*** Opening of Extracted records ***

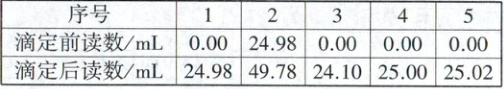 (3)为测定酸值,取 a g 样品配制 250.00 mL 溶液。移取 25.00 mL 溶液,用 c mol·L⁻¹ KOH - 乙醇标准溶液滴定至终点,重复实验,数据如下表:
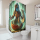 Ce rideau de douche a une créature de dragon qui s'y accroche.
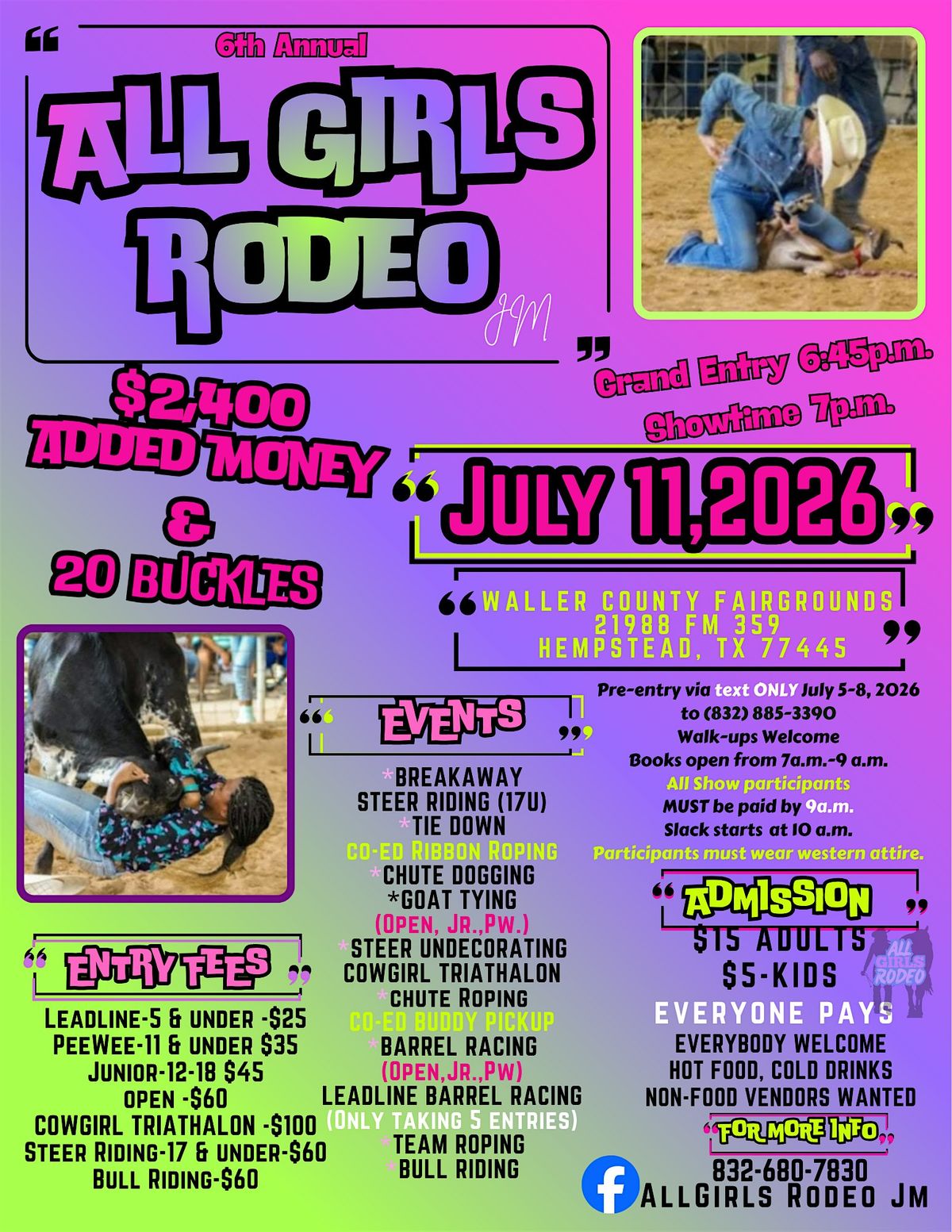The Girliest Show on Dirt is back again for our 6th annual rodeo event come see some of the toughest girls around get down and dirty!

*** Close of Extracted records ***
*** Opening of Extracted records ***

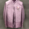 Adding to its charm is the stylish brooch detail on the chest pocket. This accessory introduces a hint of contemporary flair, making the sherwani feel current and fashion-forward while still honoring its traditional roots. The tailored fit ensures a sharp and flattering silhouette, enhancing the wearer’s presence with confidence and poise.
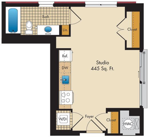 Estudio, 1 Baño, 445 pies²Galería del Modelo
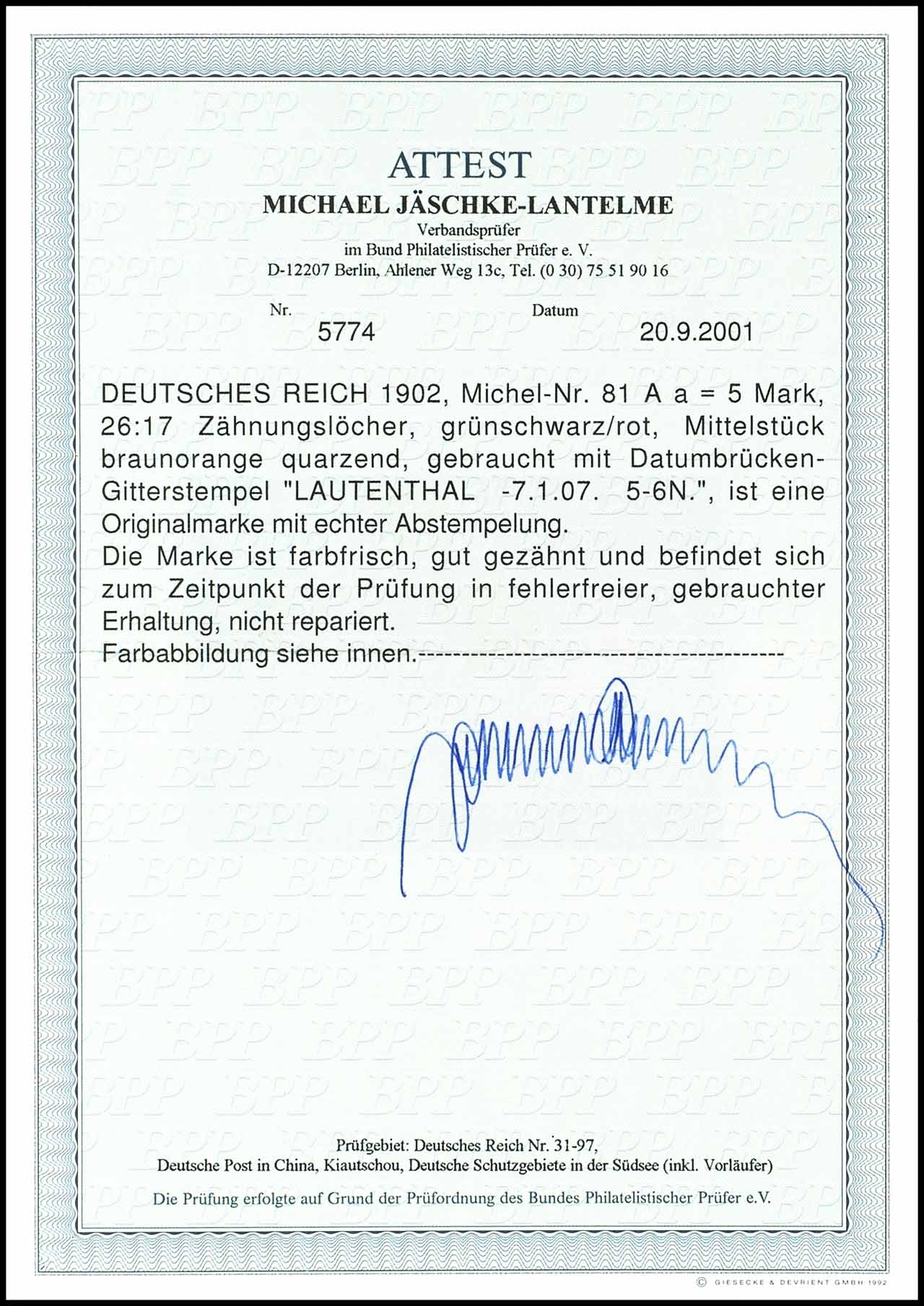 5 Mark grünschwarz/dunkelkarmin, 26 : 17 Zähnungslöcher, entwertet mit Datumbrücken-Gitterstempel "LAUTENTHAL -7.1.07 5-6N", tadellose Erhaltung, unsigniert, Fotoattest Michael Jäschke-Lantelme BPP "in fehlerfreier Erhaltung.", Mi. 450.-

*** Close of Extracted records ***

**Brief**
Above are some entries; copy exactly the lines from the line with "(3)为测定酸值,取 a g" through the line with "The Girliest Show", both included, but none of the pictures.

**Problem solution**
 (3)为测定酸值,取 a g 样品配制 250.00 mL 溶液。移取 25.00 mL 溶液,用 c mol·L⁻¹ KOH - 乙醇标准溶液滴定至终点,重复实验,数据如下表:
 Ce rideau de douche a une créature de dragon qui s'y accroche.
The Girliest Show on Dirt is back again for our 6th annual rodeo event come see some of the toughest girls around get down and dirty!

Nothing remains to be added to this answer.